She beamed at me. ‘Louie, I’m so glad you’re here, I was so worried. About what happened, you know, last night. I was horrible, I don’t know how you will ever forgive me.’
‘It’s OK, don’t worry about it.’
‘But how can I not? I cheated you. I said I’d give you the man’s name and then I didn’t. No wonder you hate me.’
‘I don’t.’
‘Look, here it is, I’ve written it down for you.’ She handed me a slip of paper on which was written, ‘Caleb Penpegws. Corporal or something. In the army. The one that went to Patagonia’.
‘I’m sorry, I don’t know all the details.’
‘This is fine.’
‘What have you got under your arm? Looks like records.’
‘The doctor told me to bring them in. They might cheer Myfanwy up.’
‘Oh, how lovely! Let me help you.’ She took the records and put them down on a table. ‘I’ll see if we can find a record player.’ She walked up to me and looked into my face. ‘Do you forgive me, then?’
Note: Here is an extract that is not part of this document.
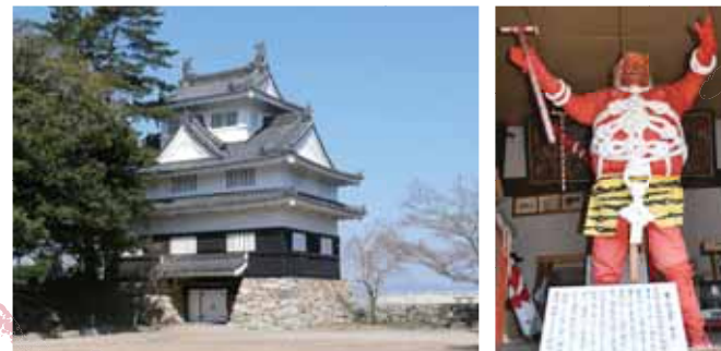
豊橋観光ボランティアガイドの会

‘There’s nothing to forgive.’
‘But I was horrible last night.’
I waved the slip of paper and put it in my pocket. ‘This more than makes up for it.’
‘You forgive me, then?’
‘Of course.’
‘Oh, Louie! You are so wonderful!’ She threw her arms round me and pulled me in and kissed me on the lips. I tried to struggle free but they obviously do a lot of press-ups at the Soldiers for Jesus boot camp and I found her grip hard to break. She continued pressing her lips on mine, making a long drawn out “Mmmm” sound. I found myself staring over her shoulder at the sleeping face of Myfanwy. And Myfanwy was staring, eyes wide open, at me.
Chapter 9
OUR GAZES LOCKED for the briefest fraction of a second before she closed her eyes again; not simply closed, but pressed tightly shut like a defiant child’s. I drew up a chair and picked up a magazine, to give the impression of one settling in for a long wait, but really hoping for Tadpole to leave. Eventually she did after wasting time doing needless and irritating tidying-up chores.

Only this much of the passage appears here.